Brazilian TV Suggests Renault Cheated, FIA Investigating


What Happens When Rumors Circulate Regarding Singapore 2008

— Fernando Alonso’s brief resurgence late last season began with a win in the Singapore night race.  The race also saw Ferrari make some serious pit lane errors.  Mainly, though, what is remembered is the quick-thinking pit lane strategy that allowed Alonso to duck into the pits after then teammate Nelson Piquet crashed, but before the safety car came out.  Certainly not the only driver to crash (Felipe Massa spun, Adrian Sutil crashed and brought out another safety car, Kimi Raikkonen crashed), Piquet was widely regarded to have helped Alonso win the race.  Idle speculation ensued as to whether the Renault team requested that Piquet crash, but it was widely believed that they would not actually make that order, nor would a driver willingly crash into a wall.  Also, as Joe Saward (the first News Editor of Bernie Eccelstone’s F1 magazine) mentioned on his blog, “In all probability Piquet just screwed up – he has done that a lot this year.”

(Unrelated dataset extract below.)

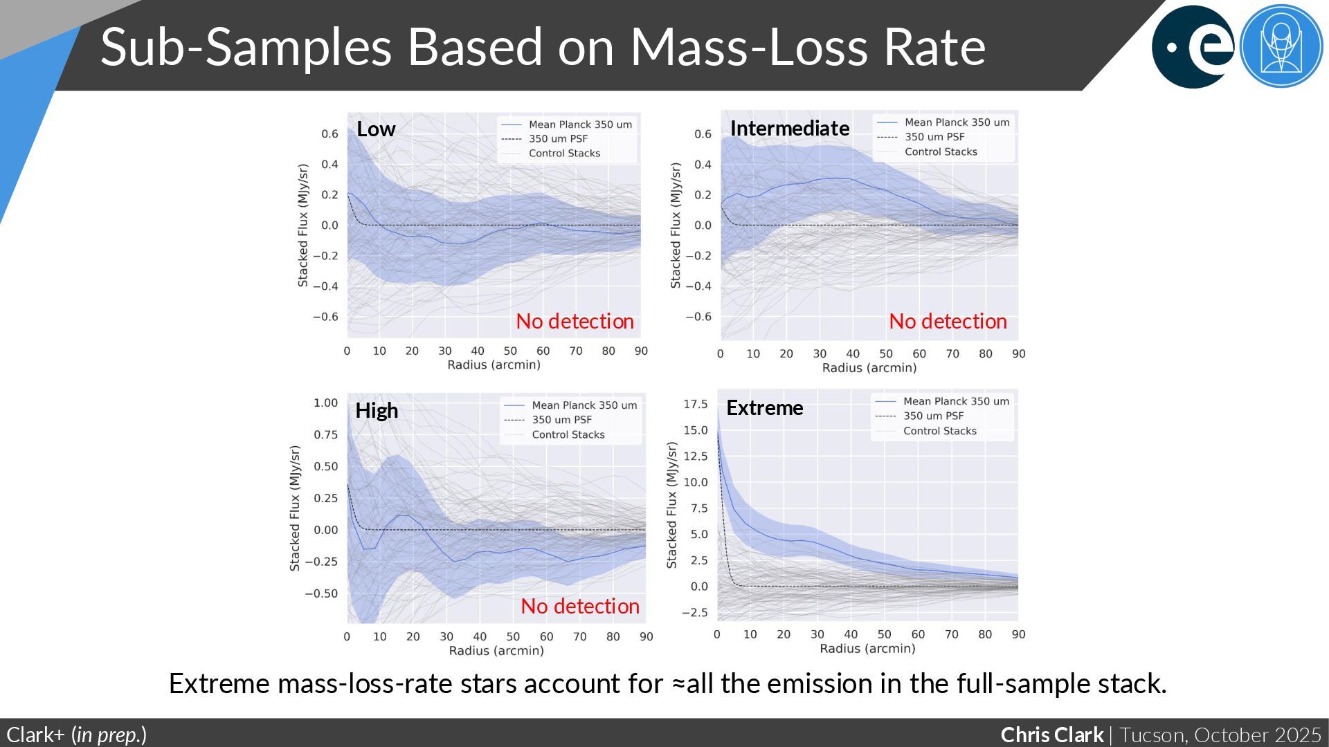 Rate Clark+ (in prep.) Extreme mass-loss-rate stars account for ≈all the emission in the full-sample stack. Low High Extreme Intermediate No detection No detection No detection

Still, this season’s split between Piquet and Renault has been particularly acrimonious, and now, as reported by grandprix.com and F1Fanatic.com, Brazilian TV station Globo and journalist Reginaldo Leme is claiming that they have received evidence that Piquet was, in fact, ordered to crash to help Alonso win, and that the FIA is investigating.  The FIA has confirmed its investigation. This continues the various investigations and punishments handed out to Renault this season (including the Valencia race ban that was overturned), which have inspired Pat Symonds, Renault Executive Director of Engineering, to joke with SPEEDtv’s Peter Windsor on the grid in Valencia that he has purchased an apartment in Paris, right next to the International Court of Appeal.

It is a most interesting claim, particularly depending on who offered this evidence to Brazilian TV. Presumably, someone involved with or close to Piquet.  Still, one has to wonder if Renault actually made that call, and if they did, if Fernando Alonso aware of the situation.  By his giddy display in the pit lane that night, it would seem as though he felt he won on his own merits, and there are few drivers with the honor the Spaniard has displayed (even assisting the FIA investigation against his team McLaren during the spy situation in 2007).

While the circulation of interesting Formula1 news out of Brazil (especially that involving Brazilian drivers) is generally on point, the entire situation seems to be a little too much, a little too late, particularly when examined with the time delay and generally bad aura surrounding Piquet’s departure from Renault.